Abstract

(trans)-2-(3-Methoxy-5-methylsulfonyl-4-propoxyphenyl)-5-(3,4,5- trimethoxyphenyl)tetrahydrofuran (L-659,989) is a potent and orally active platelet-activating factor (PAF)-specific and competitive receptor antagonist. The 2,5-tritium-labeled L-659,989 ([3H]L-659,989) specifically binds to rabbit platelet membranes with an equilibrium dissociation constant (KD) of 1.60 +/- 0.20 nM in 10 mM MgCl2. Several selected PAF analogs and PAF receptor antagonists show equilibrium inhibition constants roughly similar to those found in the specific [3H]PAF binding assay. Other pharmacological agents with no PAF antagonistic activities do not inhibit the specific binding of [3H]L-659,989. K+ and divalent cations such as Mg2+, Ca2+, and Mn2+ potentiate the specific [3H]L-659,989 binding. Na+ and Li+ also enhance but GTP shows no effect on the specific binding of [3H]L-659,989. However, Ni2+ inhibits the specific binding.
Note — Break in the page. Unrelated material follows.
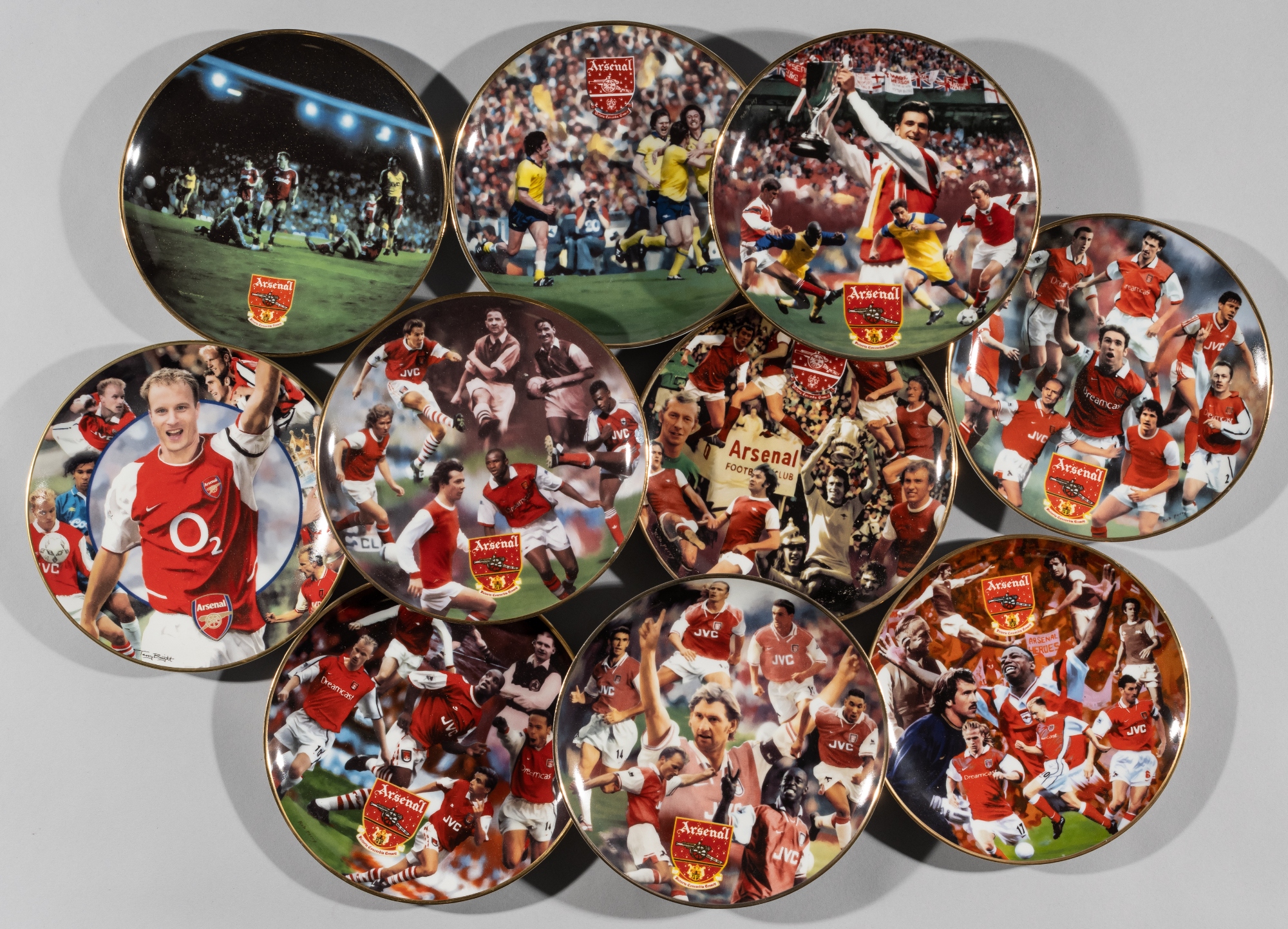 Selection of Arsenal FC football players commemorative plates by Danbury mint, players include Bergkamp, Arsenal Heroes, 1997-98 Double, Great Strike

Scatchard analysis demonstrates that the potentiating effect of these cations is due to an increase in the detectable receptor number for L-659,989. In 10 mM MgCl2 [3H]L-659,989 shows higher receptor number than [3H]PAF. Under various ionic conditions with or without GTP, in which [3H] L-659,989 binding remains approximately the same, C16-PAF shows different potencies in competing against the specific [3H] L-659,989 binding. These results demonstrate the existence of multiple conformational states of the PAF-specific receptor. The variation in the detectable receptor number under different conditions is due to the coexistence of the high and low affinity states and the fact that the low affinity state(s) of the receptor with KD value(s) possibly in the micromolar range cannot be detected in the Scatchard analysis with the radioligand at nanomolar concentrations. In the presence of 150 mM NaCl and 1 mM GTP, receptors exist in a single conformational state with an equilibrium dissociation constant (KB) of 0.931 microM for PAF.